(1512–1594) Dutch cartographer and geographer
Mercator, originally named Kremer, was born at Rupelmonde, now in Belgium. At the University of Louvain (1530–32) he was a pupil of Gemma Frisius. After learning the basic skills of an instrument maker and engraver, he founded his own studio in Louvain in 1534. Despite accusations of heresy and imprisonment in 1544, he remained in Louvain until 1552, when he moved to Duisburg and opened a cartographic workshop.
Mercator first made his international reputation as a cartographer in 1554 with his map of Europe in which he reduced the size of the Mediterranean from the 62° of Ptolemy to a more realistic, but still excessive, 52°. He produced his world map in 1569 and his edition of Ptolemy in 1578, while his Atlas, begun in 1569, was only published by his son after his death. It was intended to be a whole series of publications describing both the creation of the world and its subsequent history. Mercator was the first to use the term ‘atlas’ for such works, the book having as its frontispiece an illustration of Atlas supporting the world.
The value of Mercator's work lies not just in his skills as an engraver, but also in the introduction of his famous projection in his 1569 map of the world. Navigators wished to be able to sail on what was called a rhumb-line course, or a loxodrome, i.e., to sail between two points on a constant bearing, charting their course with a straight line. On the surface of a globe such lines are curves; to project them onto a plane chart Mercator made the meridians (the lines of longitude) parallel instead of converging at the Poles. This made it straightforward for a navigator to plot his course but it also produced the familiar distortion of the Mercator projection – exaggeration of east–west distances and areas in the high latitudes.

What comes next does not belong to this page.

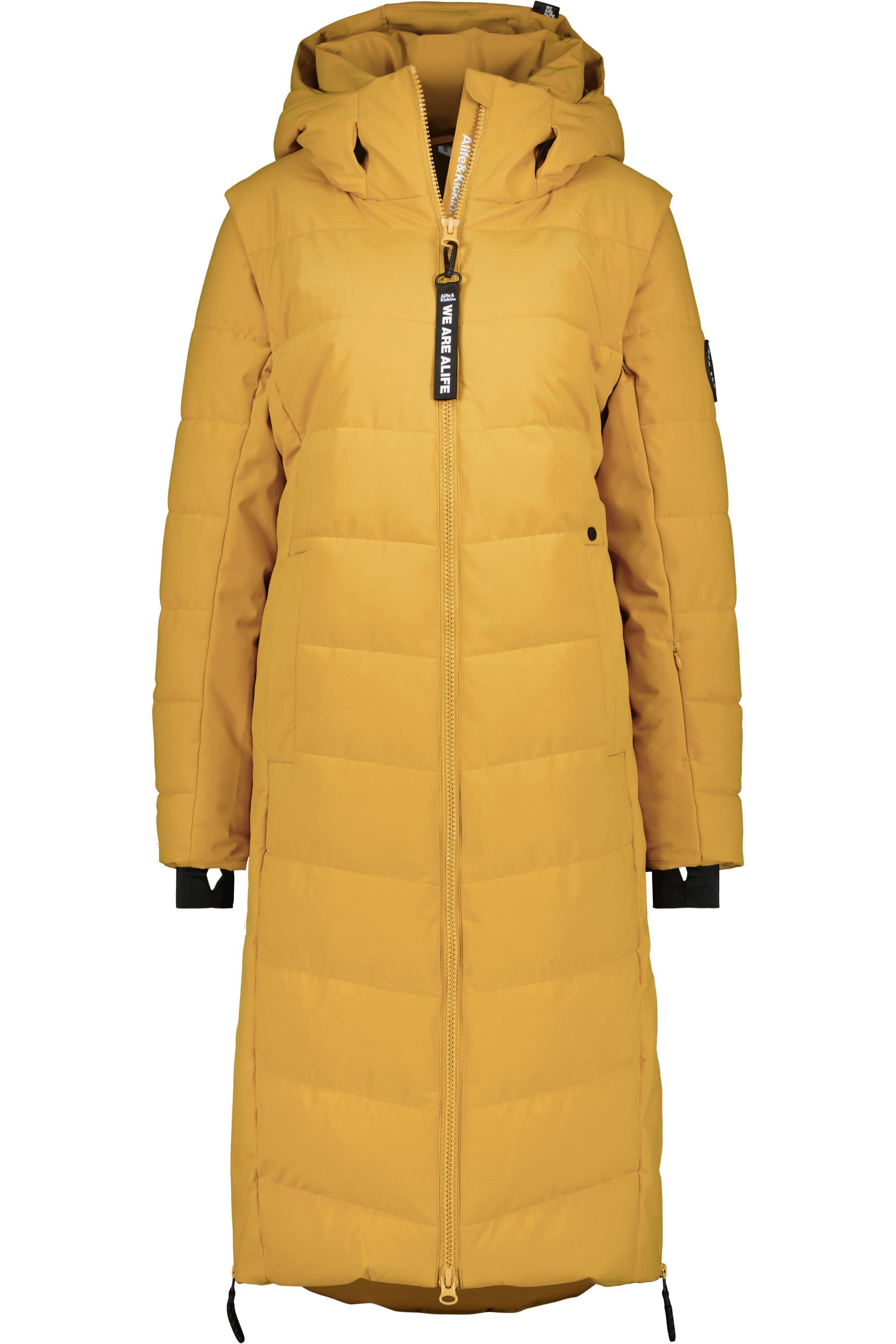 Dein neues Stylingwunder - Der neue Damenwintermantel Nellie von Alife and Kickin bietet Dir ungeahnte Möglichkeiten in Sachen Stil, Funktionalität und Einzigartigkeit. Sie ist nicht nur einfach eine lange Winterjacke im klassischen Sinn, sondern auch eine modische Weste, da die Ärmel der Damenjacke ganz einfach abnehmbar sind, wenn Du sie mal nicht benötigst. Dadurch bietet sie Dir die perfekte Vorraussetzung, die Eine ganz besondere Jacke für den Winter zu werden. Aber nicht nur das, auch mit Funktionalität und Komfort wird Dich der Damenmantel überraschen. Warm gefüttert in schmaler Passform zaubert Dir die Jacke eine tolle Figur. In den Fronttaschen, die mit Druckknopf geschlossen werden können, kannst Du wichtige Dinge sicher verstauen, die große verstellbare Kapuze und die mit Daumenlöchern versehenen Bündchen des Steppmantels versprechen Schutz bei eisigen Temperaturen. Seitliche Reißverschlüsse, die individuell verstellbar sind, bieten ungeahnte Beinfreiheit, wenn Du lange Spaziergänge im Winter unternimmst. Natürlich verfügt die Damenweste auch über markentypische Labedetails, die Deine eigene Individualität perfekt unterstreichen. NellyAK A von Alife and Kickin, eine lange Pufferjacke, die Dir gleichzeitig als Weste fungiert - was willst Du mehr?

The big difference, apart from projection, between Mercator's and classical maps was in the representation of the Americas. He was not the first to use the name America on a map, that distinction belonging to Martin Waldseemüller in 1507, but he was the first to divide the continent into two named parts – Americae pars septentrionalis (northern part of America) and Americae pars meridionalis (southern part of America).